- Theatrical poster
- Directed by: Hiroshi Ishikawa
- Written by: Hiroshi Ishikawa
- Produced by: Hiroshi Ishikawa Hisashi Tsuchiya
- Starring: Aoi Miyazaki Hidetoshi Nishijima Hiromi Nagasaku Eita
- Cinematography: Hiroshi Ishikawa
- Edited by: Hiroshi Ishikawa
- Music by: Yoko Kanno
- Distributed by: Bitters End, Inc.
- Release dates: September 23, 2005 (New Montreal Film Festival); February 26, 2006 (Japan);
- Running time: 104 minutes
- Country: Japan
- Language: Japanese

= Su-ki-da =

2005 Japanese romantic drama film

Su-ki-da is a 2005 Japanese romantic drama film. The plot centers on two teenagers who deal with tragedy and then have to grow up. It was written and directed by Hiroshi Ishikawa and stars Aoi Miyazaki, Hidetoshi Nishijima, Hiromi Nagasaku, and Eita.

==Plot==
High school student Yosuke spends most of his free time sitting near a floodgate and playing the same short tune on his acoustic guitar. He is often joined by a girl in his class, Yu. Yu hums Yosuke's tune to her older sister, who is mourning her deceased boyfriend. Yu sets up a few meetings between Yosuke and her sister. While talking with Yosuke after school, Yu kisses him, but Yosuke walks away, leaving Yu devastated. While walking to see Yosuke, Yu's sister is hit by a truck and enters a coma. Yu tells Yosuke that she wants to hear his song when he finishes it.

17 years later, Yosuke is working in music production in Tokyo. He shoos away a man interfering with an intoxicated woman lying in the street and takes her to recover in his apartment. During a break at the studio, a woman plays a few notes from the song Yosuke played in his school days and he realizes she is Yu. They go back to Yosuke's apartment and drink sake. Yu tells him that her sister is still in a coma. She starts to cry, Yosuke comforts her, and they kiss.

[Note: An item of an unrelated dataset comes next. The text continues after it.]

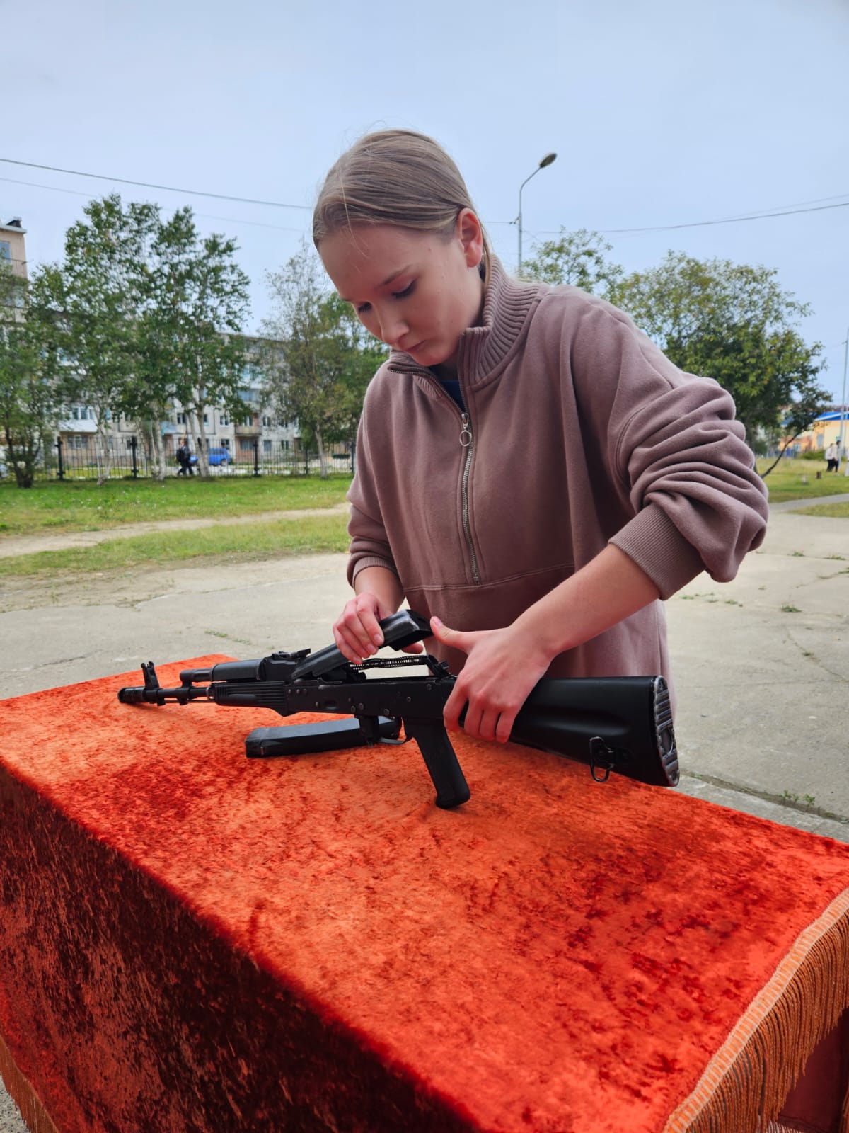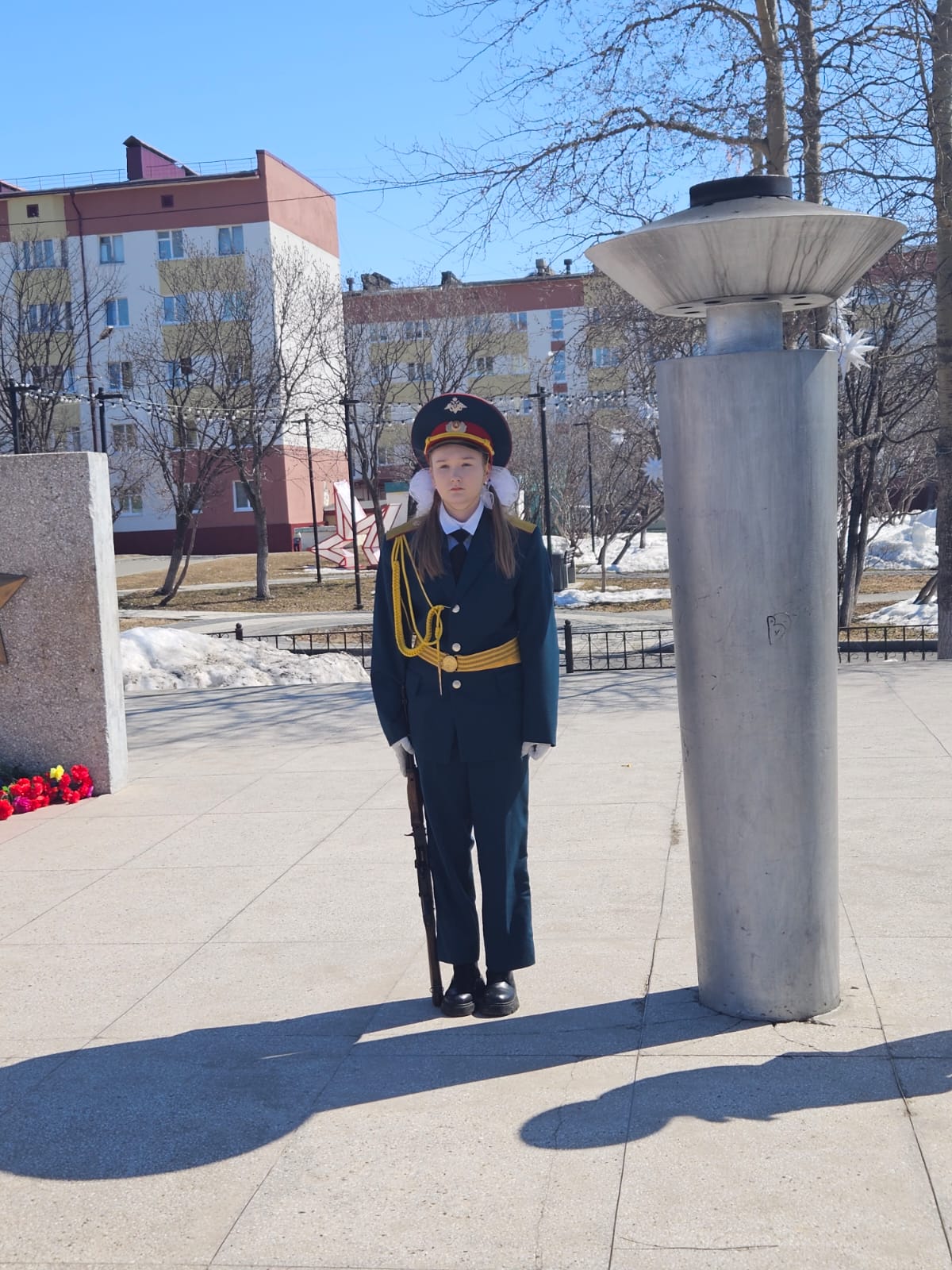 А в данный момент школьница участвует в конкурсе «Равнение на героев».

Yu and Yosuke visit her sister at the hospital and Yu leaves at the train station. Yosuke looks her up in the phone book and calls to say that he wants to play the finished song for her. On the way to meet her, he is stabbed by the man he shooed from the intoxicated woman. Yosuke lies in the street bleeding while Yu waits for him.

Yu visits Yosuke in the hospital and tells him she loves him. Yosuke replies that he loves her, too.

==Cast==
- Aoi Miyazaki as Yu (young)
- Hidetoshi Nishijima as Yosuke
- Hiromi Nagasaku as Yu
- Eita as Yosuke (young)
- Sayuri Oyamada as Yu's older sister
- Maho Nonami
- Ryo Kase
- Nao Ōmori

==Production==
The film was directed by Hiroshi Ishikawa and was his second full-length feature, after the 2003 film Tokyo.Sora. In addition to directing, Ishikawa was also the writer, editor, and cinematographer. Yoko Kanno composed the score, including Yosuke's song that plays throughout most of the film. It was shot in Tokyo, Japan.

The Japanese title Su-ki-da translates to "I love you" in English.

==Release and reception==
Su-ki-da was premiered at the New Montreal Film Festival on September 23, 2005. It won one award, the Silver Iris for Best Director. The film was released in Japan on February 26, 2006 and was also shown at the Hong Kong International Film Festival on April 8.

Critical reviews were mixed. According to Varietys Eddie Cockrell (who viewed it at the NMFF), the film was filled with "unchecked indulgences." He criticized the director, writing that: "Jump cuts, cryptic silences, shots of various cloud formations and long takes bereft of movement are key weapons in Ishikawa's self-consciously arty arsenal, with little in the way of story or character development to engage viewers; Gus van Sant he's not."

On the other hand, DVDBeaver.com praised the film for its "heartfelt story," "excellent visuals," and "great cast." The reviewer noted its lack of dialogue but also said that "the characters' body language says more than any words could ever express."

The DVD was released in Japan on September 22, 2006, by Big Time Entertainment. It includes English and French subtitles.